Implementation:Eventual Inc Daft Read Iceberg
| Knowledge Sources | |
|---|---|
| Domains | Data_Engineering, Data_Lakehouse |
| Last Updated | 2026-02-08 00:00 GMT |
Overview
Concrete tool for reading Apache Iceberg tables into a lazy distributed DataFrame provided by the Daft library.
Description
The read_iceberg function creates a lazy DataFrame scan of an Apache Iceberg table. It accepts either a string path to an Iceberg metadata file or a PyIceberg Table object. When given a string, it uses StaticTable.from_metadata() to load the table. IO configuration is resolved from the table's file IO properties if not explicitly provided. The function creates an IcebergScanOperator that handles partition pruning and predicate pushdown through the Iceberg metadata layer. Multithreaded IO is automatically disabled when running on the Ray runner to limit resource contention.
Usage
Import and use this function when you need to read data from an Apache Iceberg table with snapshot isolation and optional time travel via snapshot IDs.
Code Reference
Source Location
- Repository: Daft
- File:
daft/io/iceberg/_iceberg.py - Lines: L56-114
Signature
def read_iceberg(
table: Union[str, "PyIcebergTable"],
snapshot_id: int | None = None,
io_config: IOConfig | None = None,
) -> DataFrame
Import
from daft import read_iceberg
# or
import daft
df = daft.read_iceberg(table)
I/O Contract
Inputs
| Name | Type | Required | Description |
|---|---|---|---|
| table | PyIcebergTable | Yes | Path to an Iceberg metadata file (supports s3://, gs://) or a PyIceberg Table instance
|
| snapshot_id | None | No | Specific snapshot ID to query for time travel; defaults to latest snapshot |
| io_config | None | No | Custom IO configuration for accessing object storage; defaults to table's file IO properties |
Outputs
| Name | Type | Description |
|---|---|---|
| return | DataFrame | A lazy DataFrame with the schema converted from the Iceberg table, supporting predicate pushdown and partition pruning |
Usage Examples
Basic Usage
import daft
# Read from a PyIceberg table object
df = daft.read_iceberg(pyiceberg_table)
# Apply filters (pushed down to Iceberg metadata layer)

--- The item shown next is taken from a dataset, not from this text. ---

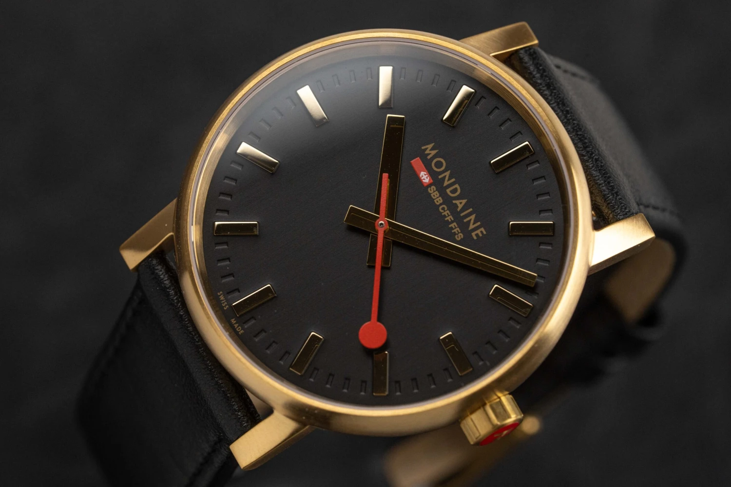 Black Dial – Gold Hour and Minute Hands – Red Second Hand – Hour Indexes.

df = df.where(df["category"] == "electronics")
df.show()
# Read with time travel to a specific snapshot
df = daft.read_iceberg(pyiceberg_table, snapshot_id=123456789)
# Read from a metadata file path with custom IO config
from daft.io import S3Config, IOConfig
io_config = IOConfig(s3=S3Config(region="us-west-2", anonymous=True))
df = daft.read_iceberg("s3://bucket/path/to/metadata.json", io_config=io_config)